Giorno 30 dicembre 2007, si è svolto un incontro, presso il
C.S.O.A. “Angelina Cartella” di Gallico, avente come
oggetto l’incendio dei locali della Cooperativa
“Euroconfezioni” di Gallico Superiore. L’assemblea,
tantissimo partecipata, è stata occasione per esprimere una
grande solidarietà nei confronti dei lavoratori e delle
lavoratrici che hanno visto svanire, in una notte, i sogni di una vita.
Sono in 36 ad aver perso il diritto ad un lavoro giusto e dignitoso e
ad un reddito.

Il C.S.O.A. "Angelina Cartella", l’Associazione "Aspromonte
Liberamente", la "Cartiera" della Vallata del Gallico, il Movimento per
la Difesa del Territorio, il Coordinamento "No Ponte", Equo Sud, il
G.A.S. "Felce e Mirtillo", Autoproduzioni Appese, il Comitato reggino
per il diritto all’acqua hanno, tutti insieme deciso, di dar vita ad un
Comitato di Solidarietà ad Euroconfezioni e di mettere in piedi
una serie di iniziative di solidarietà a sostegno delle famiglie
che hanno perso il lavoro, a partire da una tombolata che si
organizzerà per la giornata dell’Epifania.

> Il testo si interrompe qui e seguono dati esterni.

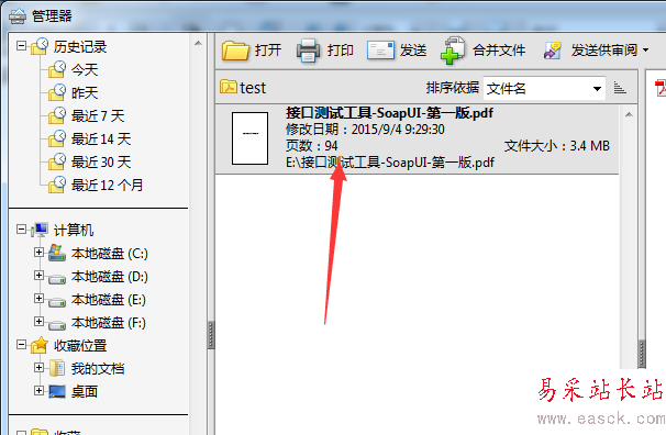 4、選中了打開管理器的選項之后,彈出了管理器 選中一個pdf的文件。

Si è attivata, inoltre, una raccolta fondi ed inviate
numerose mail con l’obiettivo di favorire l’immediata
ripresa delle attività produttive della Euroconfezioni
attraverso il “recupero solidale”, ove possibile, delle
apparecchiature distrutte dall’incendio e la richiesta ad
associazioni, partiti e sindacati di aprire commesse nei confronti
della cooperativa per la produzione di gadgets, magliette, striscioni e
quant’altro.

L’appello però è anche alle istituzioni,
regione, provincia, affinché supportino concretamente
l’immediata ripresa delle attività produttive di questa
realtà, per poter continuare a garantire, come in questi 17
anni, lavoro, reddito e dignità.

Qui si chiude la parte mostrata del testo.